只是两个孩子都面带黑气,动不动就昏迷,苏州城的大夫说,是中了蛊毒,只有下蛊人能解
据大夫说,苗人下蛊,爱用许多种毒虫毒草,乱七八糟掺在一块,根本分辨不出是哪一种,旁人也就没法解毒
“你准备下一步怎么办?”沈默问道
“等,”苏雪轻声道:“我们三个身上都中了蛊毒,他们一定会来找我的”说着脸色微红道:“毕竟在他们看来,大人之所以回护小女子,是因为……中了情蛊”

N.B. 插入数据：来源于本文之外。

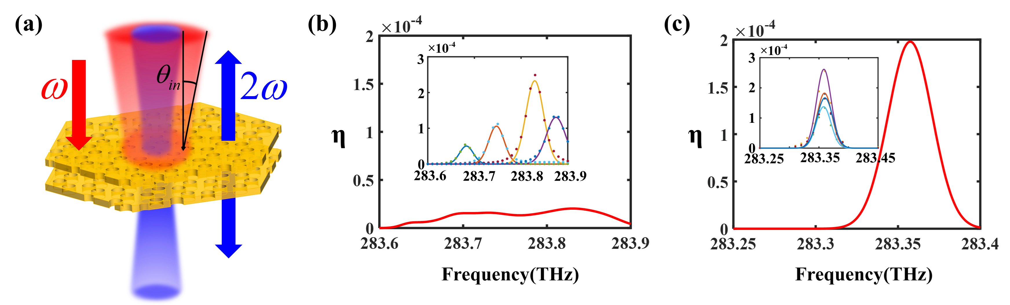 最后,研究人員通過數值計算證明,在廣角光源的激發下(圖3(a)所示),相比于傳統準BICs,具有相近品質因子的moiré平帶準BICs可以實現更高效的非線性增強效應。圖3(b-c)顯示了色散準BICs和moiré平帶準BICs的二次諧波(SHG)總增強效率。其中,插圖顯示的是不同入射角下二次諧波的增強效率。可以看出, moiré平帶準BICs在不同入射角度的激發下,都具有單一的共振頻率,使得不同入射角度的增強信號在目標頻率位置處進行疊加。而色散準BICs的共振頻率在不同入射角度的激發下會發生顯著的偏移,導致其非線性信號的強度總和相對較小。通過對比可知,基于moiré平帶準BICs的二次諧波強度為色散準BICs的10倍。

苏雪已经把蛊的事情讲给沈默了,只是没具体说,是该如何种蛊而已
沈默点头道:“那你要注意安全”
“民女知道”苏雪轻声道:“另外,上次大人说教习乐曲一事,现在还用得着我吗?”
“那当然……”沈默笑道:“还是算了吧,你还得照顾弟弟妹妹”
“有乳娘帮着照顾,不打紧的”苏雪轻声道:“大人的事情,我随时都可以开始”
“那就麻烦姑娘了”沈默笑道:“明早有车接你去市舶司,到时候你看情况安排吧”
“是”苏雪轻声道
话分两头,各说一边,且说那胡公子灰头土脸离了苏州城,越想越觉着憋屈,简直要气得吃不下饭身边的狐朋狗友便撺掇他,去松江散散心,据说那里有倭人女子,别有风味呦
胡宁一听很是心动,也不甘心就这样夹着尾巴回去了,便名人调转船头,往松江方向去了因为出门已经不早了,等到天黑时,才到了昆山地界
胡宁这种大少爷,自然不愿在船上过夜,便带着一干手下,下船去找驿馆住
因是憋了一肚子气,他便发泄在了可怜的昆山驿,不是嫌驿站对他一伙怠慢了,就是嫌饭菜做得难吃,横挑鼻子竖挑眼,纯粹就是找事儿
驿丞陪笑道:“昆山穷地方,比不得别处,大爷请将就吧”
胡宁便说对方瞧不起自己,跟班们也是存心想从这里找回平衡,竟把那驿丞捆绑起来,倒吊在树上用柳条蘸水抽打
驿卒们慌忙跑到县衙禀告,当时海瑞正与祝乾寿讨论河务,闻讯义愤填膺,拍案而起道:“早听说这胡公子飞鹰走狗,横行霸道,今天可要好生整治一番!”
祝乾寿虽然也很生气,但他已经被沈默搓揉怕了,现在凡事都三思而后行,便出声:“那位的老子可是咱们东南的总督,知府大人的顶头上司治了他固然痛快,可胡总督定然会觉着我们打狗欺主,会给知府大人带来麻烦的”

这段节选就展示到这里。